Один слабый смешок, который хуже, чем если бы смешков не было вовсе, шелест утешительных аплодисментов, под который я по традиции ухожу. Комик Слава Коваль сунул мне пластиковый стакан с тёплым пивом. Машинально допил его. Я дрожал и смотрел, как на сцену легко выплывает Слава, король «Стендап-клуба № 21». Зал заревел. Он ничего ещё не сказал, а они уже хохотали. Вежливый и туповатый зал, который послушно терпел меня, чтобы вознаградить себя Славой. Феликс едва ли просил Славу добавить в свои шутки актуальности. Слава вряд ли подозревает о том, кто такой Ким Чен Ын.

Казалось, что я вижу Славу насквозь, — хотя мои глаза, точнее, мой злой и больной левый глаз редко когда проникал глубже телесных, самых поверхностных недостатков. Их зато он жадно искал и быстро находил. Вот и тогда, глядя на Славу, я в первую очередь видел россыпь мелких уродливых точек на щеках, след какой-то кожной болезни, как будто его прикладывали лицом на раскалённую спину ежа. И шрам от ножа на шее, глубокий и длинный грязно-коричневый шрам. Но фанаты не видели ничего дальше его улыбки, которая на самом деле была ненормально широкой, жуткой, она болталась на нём, как бусы из черепков на людоеде.
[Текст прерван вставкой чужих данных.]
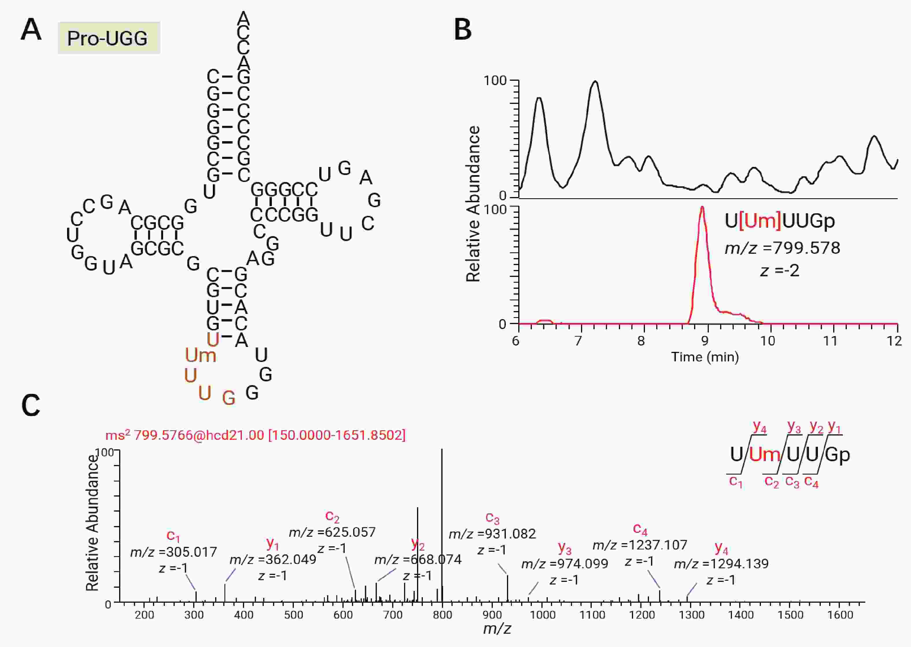 • tRNA修饰所在的位点与它的功能密切相关。例如前面提到的Inosine在tRNA 第34位上参与wobble摆动拓宽了tRNA解读密码子的范围。将巴氏醋杆菌的总tRNA进行限制性核苷酸酶T1和限制性核苷酸酶A的消化,可以通过寡核苷酸分析定位tRNA修饰的具体位点。以巴氏醋杆菌tRNAPro-UGG为例,该tRNA经RNase T1消化切割后产生特征片段U[Um]UUGp,位于反密码子环,且携带一个甲基化修饰(图4-A)。通过观察该片段的一级精确质荷比(图4-B)和对碰撞诱导碎裂的特定产物离子的鉴定,得到其中的修饰Um的位置(图4-C)。在这里仅采用具有序列独特性的片段进行鉴定,即某片段的序列在巴氏醋杆菌所有tRNA中仅能在特定某一个tRNA上找到时,才认为其中的修饰位点是可信的。通过寡核苷酸分析方法,在核苷分析鉴定的14种tRNA修饰的基础上还鉴定出了Um,cmnm5Um,mnm5U,cmnm5U,cmnm5s2U五种修饰。这五种修饰都是正电模式下难以电离的尿苷衍生物,在负电模式的寡核苷酸分析中得以检出。序列独特性片段及修饰位点的汇总结果如表1所示。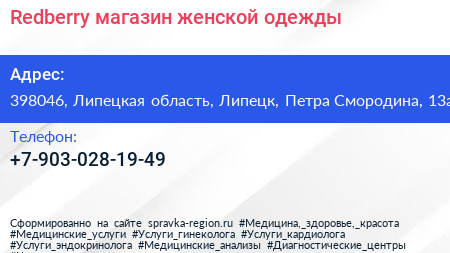 Redberry, магазин женской одежды по адресу 398046, Липецкая область, Липецк, Петра Смородина, 13а в дальнейшем Организация, размещена в следующих категориях: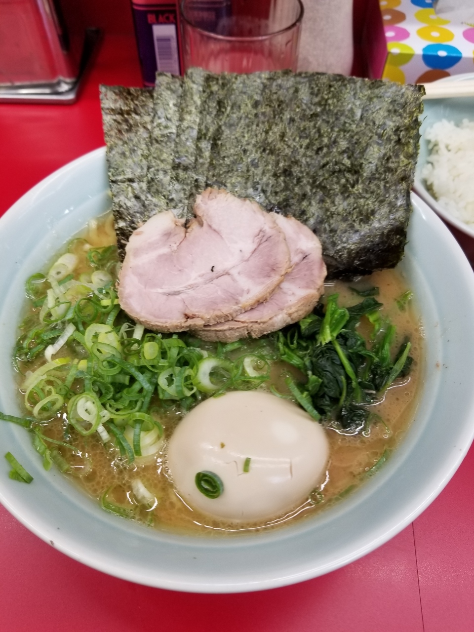 ラーメンですが、家系ということでほうれん草が入っています。
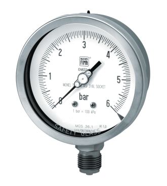 These instruments are designed for petrochemical industry. They are built to resist to the most severe conditions created by H2S, by the environment and for those fluids, which have high viscosity and do not crystallize. The quality of the materials used to build the sensible element allows their use with high frequency pulsating pressures. The TIG welding between the case and the process socket, strengthens the instrument and assures a better tight in case of dampening fluid. The advantages of filling the case of the instrument with a dampening fluid are: reduced pointer fluctuation, reduced wear of rotating parts of the movement when pulsant vibrations and pulsations occur. Moreover condensation and corrosive atmospheres which could damage the internal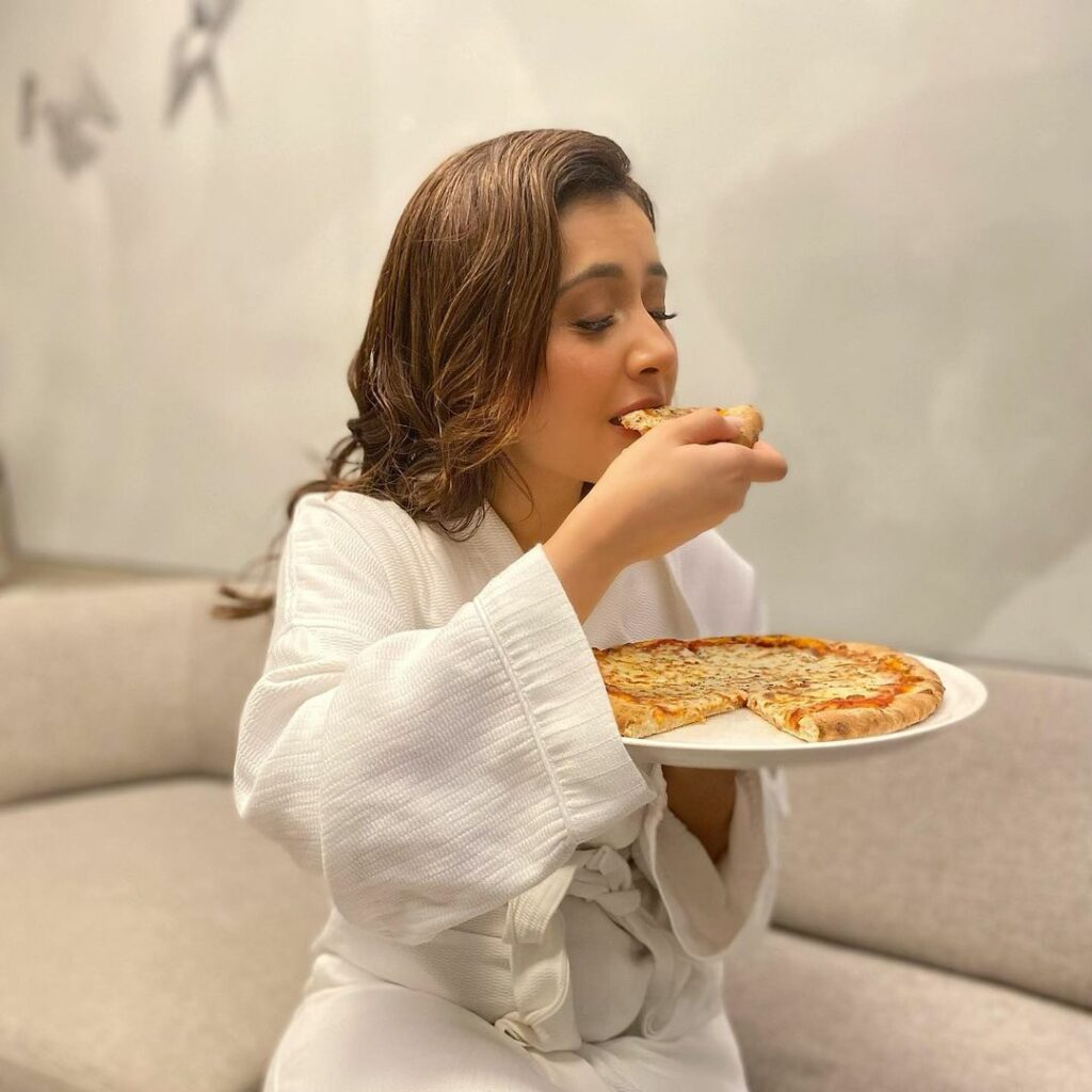 Raashi, however, realises the need of keeping a healthy figure through exercise and strenuous gym routines rather than only depending on diets. Many people who aspire to live a balanced lifestyle look up to her as an inspiration. Raashi recently posted some breathtaking images of herself enjoying a wonderful pizza while sporting a chic bathrobe. The actress's fusion of food and glitz was just stunning; she seemed genuinely delectable!

Я не понимал, почему его шутки, плоские, грубые и чаще всего оскорбительные, заставляли зал грохотать. Наверно, дело в удаче. Слава был весёлый удачливый сверхчеловек. Он был удачлив настолько, что мог выживать на ставках — футбол, кёрлинг, лошади. Он не разбирался ни в чём, но ставил на всё и чаще всего выигрывал. Он надевал безвкусные вещи, и они сидели на нём отлично. Он говорил со сцены мужчинам: «Я трахаю ваших женщин и матерей, пока вы спите и, если хватает времени, провожу хуем вам по губам», и вместо того, чтобы лезть на сцену, мужчины радовались.

Через пять минут Слава уже спускался вниз, и я как будто услышал влажное чмоканье зала, из которого он только что ловко выскользнул.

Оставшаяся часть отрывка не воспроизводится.